Moe touts hospital expansion, infrastructure spending during Prince Albert stop

Scott Moe, right, speaks in Prince Albert on October 17, as fellow Saskatchewan candidates Joe Hargrave and Alanna Ross look on. (Peter Lozinski/Daily Herald)

Health care and infrastructure were on Scott Moe’s mind Saturday as the Saskatchewan Party leader held a Saturday morning press conference in the biting wind outside of the Victoria Hospital.

Moe was joined by local candidates Alana Ross (Prince Albert Northcote) and Joe Hargrave (Prince Albert Carlton) to highlight his plan for the region, just hours before NDP leader Ryan Meili was set to speak outside the health authority’s regional office on Sixth Ave. West.

Moe touted his party’s commitment to building a 69-bed expansion of the current hospital for more than $300-million and his strategy to increase supports while balancing the budget by 2024.
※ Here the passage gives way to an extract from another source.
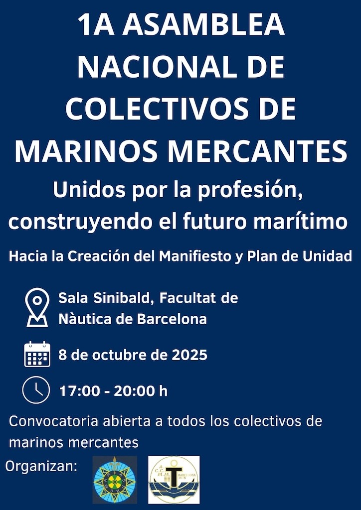 Para el próximo 8 de octubre está convocada en la Facultat de Náutica de Barcelona la reunión de la I Asamblea Nacional de Colectivos de Marina Mercante, convocados en esta ocasión bajo el lema “Unidos por la profesión, construyendo el futuro marítimo. Hacia la creación del manifiesto y plan de unidad”.

He highlighted the projects funded in the region since 2007, including the provincial contribution to the new arenas and aquatic recreation centre and a new gym for Carlton Comprehensive High School, and said a re-elected Saskatchewan Party would improve upon that track record.

“Prince Albert has had a strong voice at that caucus table in Jo Hargrave over the course of the last four years, and I know Prince Albert will be well-served by adding a strong, Saskatchewan Party voice in electing Alanna Ross,” Moe said.

In addition to touting the investments of Saskatchewan Party years’ past, Moe also highlighted platform promises such as the active families’ benefit which will help with the cost of youth sports’ activities and the addition of 750 more child care spaces. He talked about expanding funding for autism services in youth and covering the costs of continuous glucose monitors for diabetic youth until they turn 18 and insulin pumps for all Saskatchewan residents with diabetes.

He said his party will introduce the home renovation tax credit for up to $2,100 and cut everyone’s power bill by ten per cent for one year.

“Each of these measures are designed to make life more affordable for Saskatchewan families,” he said.

Moe responded to the NDP’s plans for the city as well. The party has argued that the new project is not a new hospital, but rather an expansion and that it fails to serve the city’s needs. Moe disagrees.

“Nothing could be further from the truth,” he said.

“We are building another tower. We are going to redo all of the intake, the emergency room, the surgical area, all of that will be redone and then refurbish the existing structure that is there. That is a solid structure.”

He said the NDP were the ones who tore down the former Holy Family hospital in Prince Albert without adding any beds to replace it.

“That’s where I was born,” he said.

“I find it offensive when we have an NDP party with a record of coming in and ripping down the hospital … promise a new hospital with no plan to pay for it and no intention of following through with that commitment.”

The NDP’s hospital announcement came with the announcement that they would build a second bridge crossing the North Saskatchewan River in P.A., a long gripe for some area residents.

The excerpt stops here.